= Richard FitzEustace =

Irish statesman

Arms of Sir Richard FitzEustace: Quarterly or and gules

Sir Richard FitzEustace (c.1380–1445) was an Irish statesman who twice held the office of Lord Chancellor of Ireland.

== Family background ==
He was born about 1380 in Coghlanstown, County Kildare. His father was Sir Maurice FitzEustace, High Sheriff of Kildare in 1386; his mother was Joan, widow of Sir James Delahyde, who sat as one of the two knights of the shire for County Meath in the Irish House of Commons in the Parliament of 1370. Another branch of the Eustace or FitzEustace family later acquired the titles Baron Portlester and Viscount Baltinglass.

== Career ==
He was appointed a Justice of the Peace in 1408, and High Sheriff of Kildare and Constable of Ballymore Eustace in 1414. He was Member of the Irish House of Commons for County Kildare in the Parliament of 1429, and on at least two occasions was entrusted with the task of maintaining good relations with the English Crown, having the title "Messenger to the King". He was knighted before 1421. He held the manor of Newcastle Lyons, Saggart and Esker, all in County Dublin; after his death, these passed to the Portlester branch of the family.

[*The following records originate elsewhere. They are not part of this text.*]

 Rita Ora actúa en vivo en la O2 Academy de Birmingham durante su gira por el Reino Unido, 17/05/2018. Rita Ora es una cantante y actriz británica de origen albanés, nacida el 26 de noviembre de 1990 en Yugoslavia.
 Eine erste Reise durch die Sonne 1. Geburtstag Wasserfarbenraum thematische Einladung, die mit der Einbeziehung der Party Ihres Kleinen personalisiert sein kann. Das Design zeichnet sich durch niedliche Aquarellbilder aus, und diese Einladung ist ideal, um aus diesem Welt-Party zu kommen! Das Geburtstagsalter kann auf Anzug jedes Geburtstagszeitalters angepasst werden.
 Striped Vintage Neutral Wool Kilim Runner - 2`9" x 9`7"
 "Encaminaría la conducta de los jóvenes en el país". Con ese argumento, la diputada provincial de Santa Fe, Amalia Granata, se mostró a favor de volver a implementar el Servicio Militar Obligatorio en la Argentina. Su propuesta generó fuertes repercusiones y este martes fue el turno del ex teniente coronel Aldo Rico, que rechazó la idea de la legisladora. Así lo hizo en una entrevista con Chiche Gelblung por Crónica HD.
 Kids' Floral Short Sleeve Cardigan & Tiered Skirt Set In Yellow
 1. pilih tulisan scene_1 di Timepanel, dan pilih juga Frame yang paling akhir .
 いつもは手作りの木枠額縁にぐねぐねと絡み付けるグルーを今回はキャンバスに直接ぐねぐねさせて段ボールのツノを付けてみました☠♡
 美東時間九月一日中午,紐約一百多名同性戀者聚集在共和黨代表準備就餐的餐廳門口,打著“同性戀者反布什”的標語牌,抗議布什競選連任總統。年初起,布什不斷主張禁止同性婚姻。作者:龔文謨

He was appointed Lord Chancellor of Ireland in 1426 but held office for only three months; however he appears to have acted as Deputy Lord Chancellor for the next ten years, may briefly have held office again in 1436, and was reappointed in 1442. He served as Commissioner for the Muster in the same year. In 1426 he petitioned the Council for recompense for his great labours on behalf of the King. In particular, he pleaded that his expenses on Crown service had prevented him from building a fortified house ("fortalice") in the Border country to preserve the peace.

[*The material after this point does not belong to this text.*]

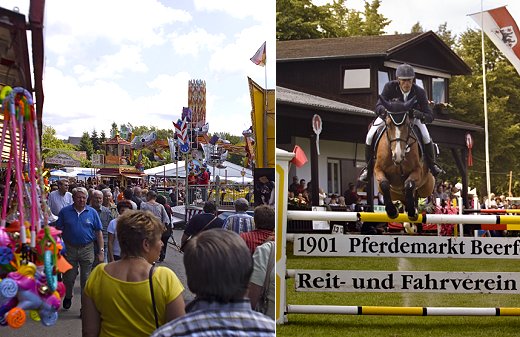 Menschen, Tiere, Traditionen (Fotos: Stadt Beerfelden)(hr) Seit 111 Jahren findet am 2. Wochenende im Juli – in diesem Jahr vom 8. bis 11. Juli - in Beerfelden der traditionelle „Beerfelder Pferde-, Fohlen- und Zuchtviehmarkt“ statt.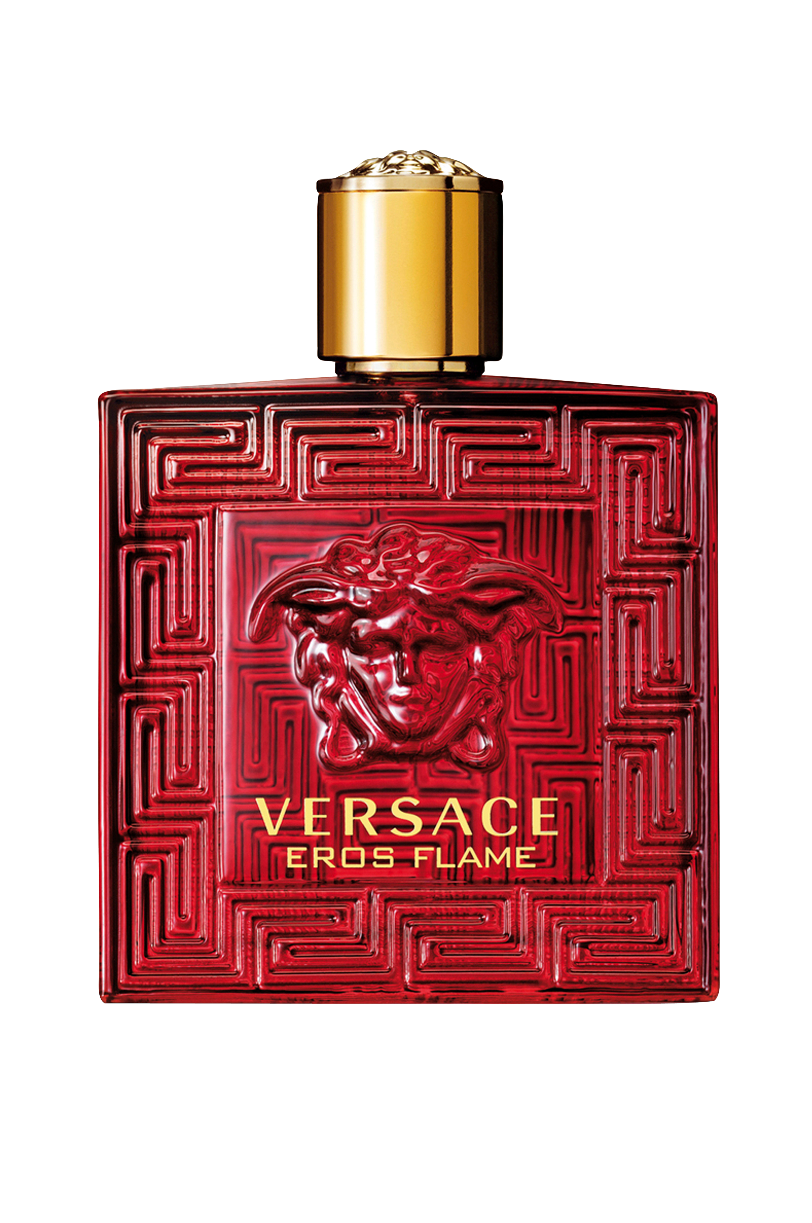 Eros Flame karakteriseres ved stærke kontraster, hvor de mest fantastiske og elegante noter beriger og forstærker hinanden. Duften indleder med friske citrusnoter som får varme fra sort peber fra Madagaskar og aromatisk rosmarin. Det passionerede hjerte består af pepperwood, geranium og rose. Basen hviler på noter af træ, krydderi og røget aroma fra patchouli og vetiver. Sammen møder de tonkabønne som giver den bløde og runde base en fin sødme.

He was a member of the Privy Council of Ireland, and in his last years seems to have been regarded as very much a dependable "elder statesman". He was present at least two important Council meetings: the first was in August 1442, where very serious charges were laid against Richard Wogan, the Lord Chancellor. In consequence, Wogan was deemed to have vacated office and FitzEustace was reappointed Chancellor in his place. He attended the Council again in July 1444, where serious accusations were made against Giles Thorndon, the Lord Treasurer of Ireland.

He died in 1445.

== Family ==
Around 1417, he married Katherine Preston, widow of William Lawless, and of Christopher Holywood of Artane, son of Sir Robert de Holywood. Since Katherine, being a widow, was a Royal ward, Richard was obliged to obtain a royal pardon for marrying her without the Crown's consent; at the same time he was forgiven certain debts due to the Crown. In 1421 they were awarded custody of two-thirds of the lands of Katherine's second husband Christopher Holywood, during the minority of her son Robert Holywood, who came of age in 1422.

Sir Robert FitzEustace, son of Richard and Katherine, was High Sheriff of Kildare in his turn, and may also have served briefly as Lord Chancellor.